19. wiek był epoką galopującej rewolucji przemysłowej. Jednym z katalizatorów postępu był nowy środek transportu - kolej - pozwalający na podróże szybsze niż ktokolwiek wcześniej śmiał marzyć. Był rok 1876, gdy Austriacy otworzyli kolej Tarnowsko-Leluchowską. Wkrótce dobudowano również łącznik Muszyna-Krynica, przyśpieszając tym samym rozwój słynnego uzdrowiska. Na odcinku Nowy Sącz-Stróże, kolej ta ma część wspólną z jedną z najśmielszych inwestycji C.K. Monarchii. Kolej Transwersalna powstała z przyczyn strategiczno-militarnych. Napięta sytuacja w Europie śmierdziała wojną. W razie ataku Rosji, główna linia Galicji z Krakowa do Lwowa, przecinająca otwartą równinę, padłaby na samym początku. Galicja potrzebowała drugiej linii, bezpiecznie ukrytej w karpackich dolinach. W 1884 roku otwarto ośmiusetkilometrową magistralę z Czadcy do Husiatynia.   Galizische Transversalbahn to arteria, której galicyjska prowincja zawdzięcza rozwój gospodarczy i prestiż. Dziś linia ma znaczenie drugorzędne i na większości odcinków nie obsługuje ruchu pasażerskiego.

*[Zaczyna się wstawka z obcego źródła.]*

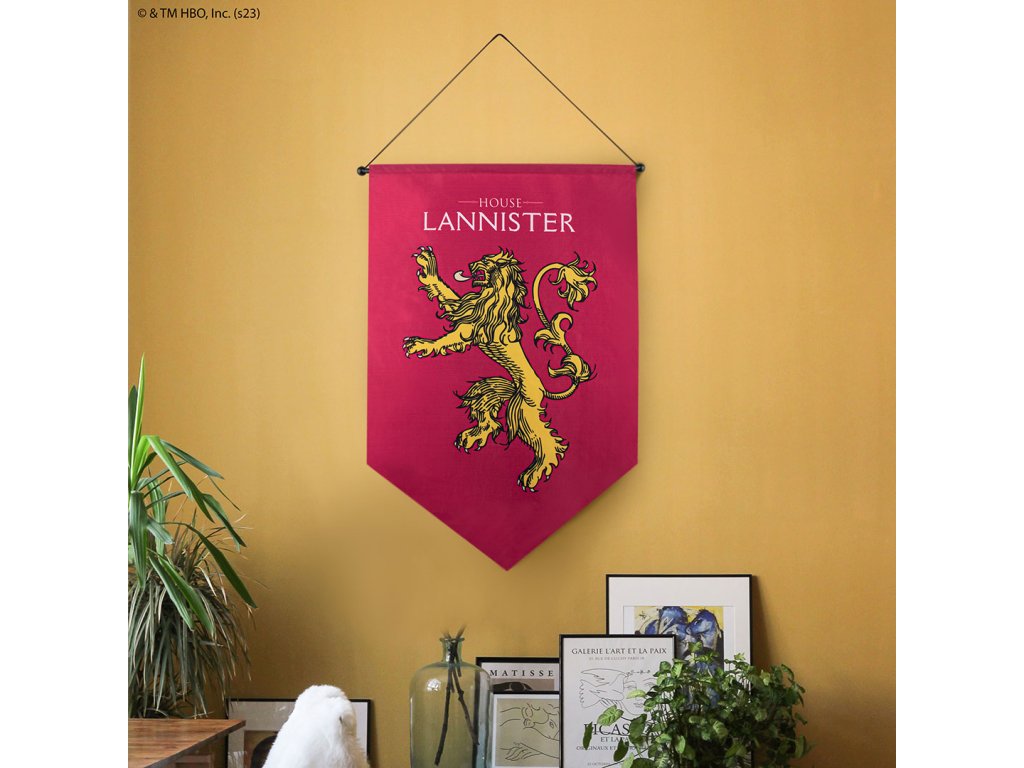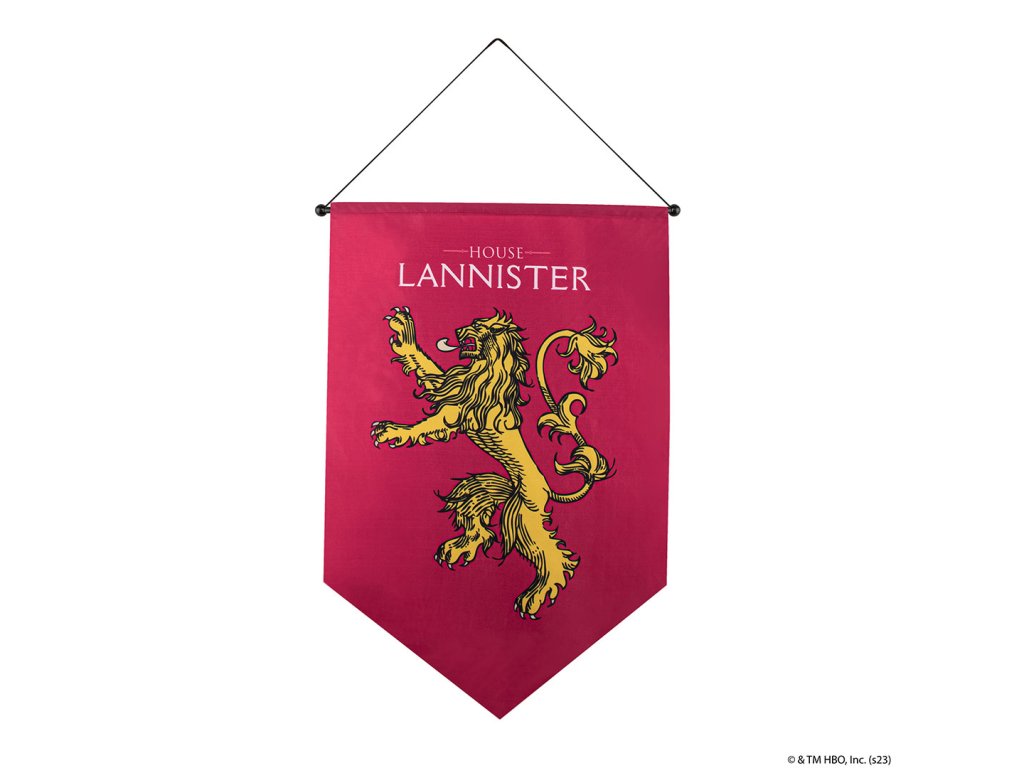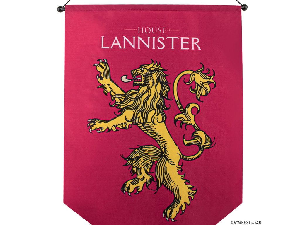 Stylová nástěnná vlajka s erbem rodu Lannisterů ze seriálu Hra o trůny je skvělou dekorací pro každý interiér i herní doupě fanoušků.Doplňkové parametry

Mój pociąg zatrzymał się w Grybowie. Deszcz siąpił bezustannie tworząc ponurą atmosferę. Minąłem budynek dworca i znalazłem się na niewielkim parkingu. To tu zaczyna się drugi najdłuższy szlak Polski. Z żalem stwierdziłem, że kropka rozpoczynająca szlak, jeśli jest, jest schowana za żywopłotem. O istnieniu szlaku informowała ledwie widoczna tabliczka.

Ledwie widoczna tabliczka.
Na stacji Grybów.
Wziąłem głęboki oddech i ruszyłem przed siebie. Po szybkich zakupach w Biedronce ruszyłem do centrum w celu wypłacenia gotówki. Udało mi się to zrobić dopiero w drugim bankomacie. Uzbrojony w prowiant, wodę i 300 zł ruszyłem na szlak, walcząc z siąpiącym deszczem. Musiałem się spieszyć. Przez awarie drzwi w mieszkaniu koleżanki, gdzie nocowałem, spóźniłem się na pociąg o 3:40. Nie dość, że straciłem 18 zł za bilet, to następny pociąg wyjeżdżał z Krakowa dopiero po 9:00. Było grupo po 12:00, gdy rozpocząłem śledzenie niebieskich pasków.

Historia Grybowa sięga głębokiego średniowiecza. W 1340 roku Grybów jest silną, rozwiniętą osadą na skrzyżowaniu szlaków handlowych z Polski na Węgry. Kazimierz Wielki nadaje jej prawa miejskie na prawie niemieckim i nazywa "Grünberg" - miasto zielonych wzgórz. Zasadźcą był niejaki Hanko, syn Jana Bogacza. Miasto rozwijało się aż do XVII w. gdy nastąpił powolny upadek gospodarczy. Przez okolice przetoczyły się działania Konfederacji Barskiej. W XIX w. rozwinął się drobny przemysł, miasto otrzymało połączenie kolejowe. Przez Grybów przewinęło się wiele znamienitości, m.in.: Józef Mehoffer (odwiedzał tu swoją narzeczoną), Józef Piłsudski czy Stanisław Wyspiański.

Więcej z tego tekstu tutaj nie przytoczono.